United States District Court, S.D. New York
Sep 30, 2002
00 Civ. 9704 (S.D.N.Y. Sep. 30, 2002)

Opinion

00 Civ. 9704

September 30, 2002


OPINION ORDER


Plaintiff Mary Velez ("Mrs. Velez") sued defendant Goldco Industries, Inc. ("Goldco"), who in turn sued third-party defendant Ball Corporation ("Ball Corp."), for the wrongful death of Mrs. Velez's husband, Armando Velez ("Mr. Velez"). On April 9, 2002, all parties mediated the matter and plaintiff accepted in principal the amount of $2,000,000 to settle the case. Goldco and Ball Corp. proceeded to a jury trial on April 15, 2002, in order to apportion the relative percentages of responsibility between them. Following a two-day trial, the jury returned a verdict for Goldco on April 17, 2002, and this Court entered judgment on April 24, 2002 finding Ball Corp. 100% responsible for Mr. Velez's death and Goldco 0% responsible. Ball Corp. now moves for a new trial pursuant to Fed.R.Civ.P. ("FRCP") 59(a) on the ground that the verdict returned by means of special interrogatories under FRCP 49(a) was inconsistent and against the clear weight of the evidence. In addition, Goldco moves for sanctions against Ball Corp. under FRCP 11(c)(1)(b) on the ground that Ball Corp. has filed a frivolous motion. For the reasons set forth in detail below, Ball Corp.'s motion for a new trial is denied and Goldco's request for sanctions on the Court's own initiative under Rule 11(c)(1)(b) is also denied.

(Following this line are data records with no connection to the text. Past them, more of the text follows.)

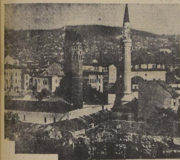
Ciudad de Sarajevo en Yugoslavia, a la que ayer entraron los alemanes.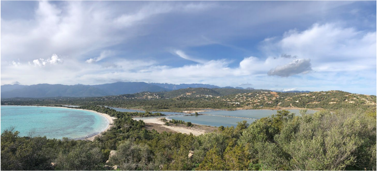
Lagune d'Arasu fortement impactée par un aménagement anthropique (photo en haut © Marie Garrido ; photo en bas © Michel Luccioni)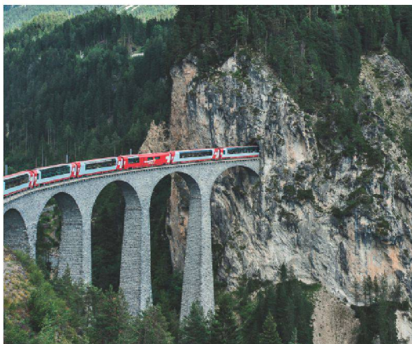
Glacier-Express auf dem Landwasserviadukt bei Filisur.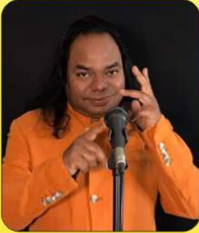
शम्भू शिखर (नई दिल्ली)

कार्यकारिणी समिति की बैठक में लिए गए निर्णय के अनुसार संस्था के सदस्यगणों एवं उनके परिजनों हेतु “दीपावली मिलन समारोह-2023” के अन्तर्गत दिनांक 19 दिसम्बर, 23 को ‘कवि सम्मेलन’ का आयोजन, रंगमहल गार्डन में रात्रि 8.00 बजे से किया गया है। साथ ही ‘स्वरुचि भोज’ सायं 7.00 बजे से आयोजित है। कवि सम्मेलन में आमंत्रित कविगण निम्नानुसार हैं :-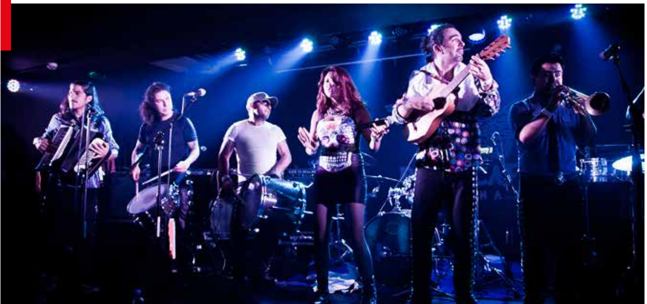
Foto: koncert Los De Abajo

Třídenní festival United Islands of Prague, respektive její klubová část a rovněž oficiální afterparty, měl opět po roce své zastavení i v našem klubu. V pátek

FRCP 49(a) provides, in pertiment part, that

[t]he court may require a jury to return only a special verdict in the form of a special written finding upon each issue of fact. In that event the court may submit to the jury written questions susceptible of categorical or other brief answer or may submit written forms of the several special findings which might properly be made under the pleadings and evidence . . . .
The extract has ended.